Normative data for interorbital distance in a paediatric Caucasian population
Mathilde Pech de Laclause, Baptiste Morel, Boris Laure, Anne Morice

TL;DR
This study provides normative data on orbital growth in Caucasian children, identifying key developmental periods.
Contribution
The study establishes detailed normative data for interorbital distance in a healthy Caucasian pediatric population.
Findings
Interorbital distance increases progressively from 3 months to 10 years of age.

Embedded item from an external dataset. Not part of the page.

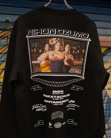 2022年11月13日(日)より発売するセカンドコレクションでは、スウェットを4型リリースいたします。今回も現横綱の照ノ富士、大関の正代や貴景勝、関脇の御嶽海のみならず、人気イケメン力士として有名な一山本、炎鵬、宇良などをモデルとして起用。前回好評だったラップTに引き続き、BE AT TOKYOらしいユーモアと、現役力士や大相撲へのリスペクト溢れるコラボレーションとなっています。

Significant growth spurts occur between 0-2 years and 7-8 years.
The IOD/LOD ratio remains constant, indicating isometric orbital growth.
Abstract
Orbital growth represents a key component of craniofacial development to investigate due to the many craniofacial abnormalities which can interfere with it. Defining orbital growth patterns is essential for distinguishing physiological from pathological orbital development. Normative orbital growth data in Caucasian paediatric populations remain scarce. Our study aimed to determine interorbital distance in a healthy Caucasian children population. A retrospective study was conducted in France, based on craniofacial CT scans measurements in patients aged from 3 months to 10 years. Measurements were taken at the neuro-ocular plane and included the bony inner interorbital distance (IOD), bony lateral orbital distance (LOD), and IOD/LOD ratio. Mean +/- SD was calculated for each age group, and comparisons between sexes and age groups were performed using the Mann–Whitney test (p < 0.05).…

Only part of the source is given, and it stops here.